До встречи оставалось не так уж много времени. Глаша рассчитывала уйти из центра последней, Чтобы не попасться на глаза коллегам по работе. Ну, почти последней, потому что дверь запирала и включала сигнализацию Раиса Тимуровна.
— Батюшки светы! — воскликнула та, когда увидела Глашу с двенадцатью крошечными «хвостиками» на голове, голым пупком и серьгой на нижней губе. Из-за того, что дырки не было, губа слегка выворачивалась наружу, как у лица африканской национальности. — Ты никак на гопотеку собралась?
— Куда-куда? — искренне изумилась Глаша.
— Так мои племянники дискотеку называют, — пояснила Подвойская и тут же похвалила:
— Молодец! Инициатива — лучший способ завести детей. Кстати, ты себе что, губу просверлила? Просто супер! Я вот слишком поздно поняла, что у мужчин преобладают папуасские реакции на противоположный пол. Все, дура, думала, лаской возьму!
— Номер не прошел?
— На ласковых только алкоголики западают. Остальным подавай тело!
Приободренное Глашино «тело» отправилось в кафе-мороженое. Народу там, как назло, было выше крыши. Она поискала глазами свободное место и остановилась на столике, за которым сидел только один человек: мужчина лет сорока-сорока пяти с двухдневной щетиной, четко вылепленными губами и задумчивыми глазами разведчика Штирлица.
— Привет, кекс! — сказала Глаша, подходя к нему развязной походкой. — Тут можно пришвартоваться?
Пока не появился Витя Стрельников, она решила обкатать выученные словечки, чтобы впоследствии они звучали более естественно.
— Садись, — пожал тот плечами и окинул Глашу невнимательным взглядом.
«Интересный тип, — подумала та. — Вот только нос у него длинноват. И уши оттопыренные. Зато челка густая. И, главное, точно такого цвета, которого нам с парикмахершей никак не удается добиться при покраске».
Мужчина пил кофе и курил — перед ним стояла пепельница, полная сдавленных в гармошку окурков.
— Слушай, крендель, — снова обратилась к нему Глаша. — Здесь бабло сразу надо платить или когда уходишь?

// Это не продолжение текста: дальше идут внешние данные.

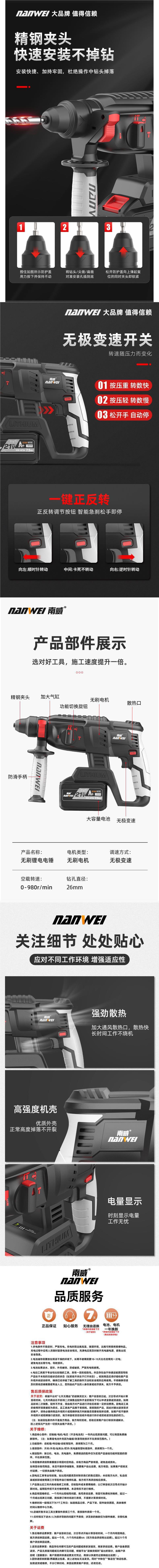 Nanwei 브러시리스 충전식 전기 해머 전기 선택 무거운 다기능 리튬 배터리 무선 충격 드릴 산업 등급 전기 드릴스토어 가기

— Валера, — мрачно сказал мужчина.
— Что — Валера?
— Меня так зовут — Валера. Не кекс и не крендель.
— Ладно, кент, не мороси, — с необидной интонацией попросила Глаша.
Тот в упор уставился на нее. Взгляд был неприятный, какой-то тягучий.
— Хорошо-Хорошо: Валера! — поспешно поправилась Глаша.
Еще не хватает ей повздорить с незнакомцем! В наши дни это чревато: можно нарваться на бандита с покалеченной психикой, который достанет пистолет и сделает тебе бесплатный пирсинг в самом неподходящем месте. Однако, прерывать эксперимент не хотелось, поэтому Глаша, заказав себе ванильное мороженое, снова обратилась к соседу:
— А что, — спросила она, — кофе тут шибко голимый?
— Какой? — искренне изумился тот.
— Ну, плохой, негодный! — нетерпеливо пояснила Глаша.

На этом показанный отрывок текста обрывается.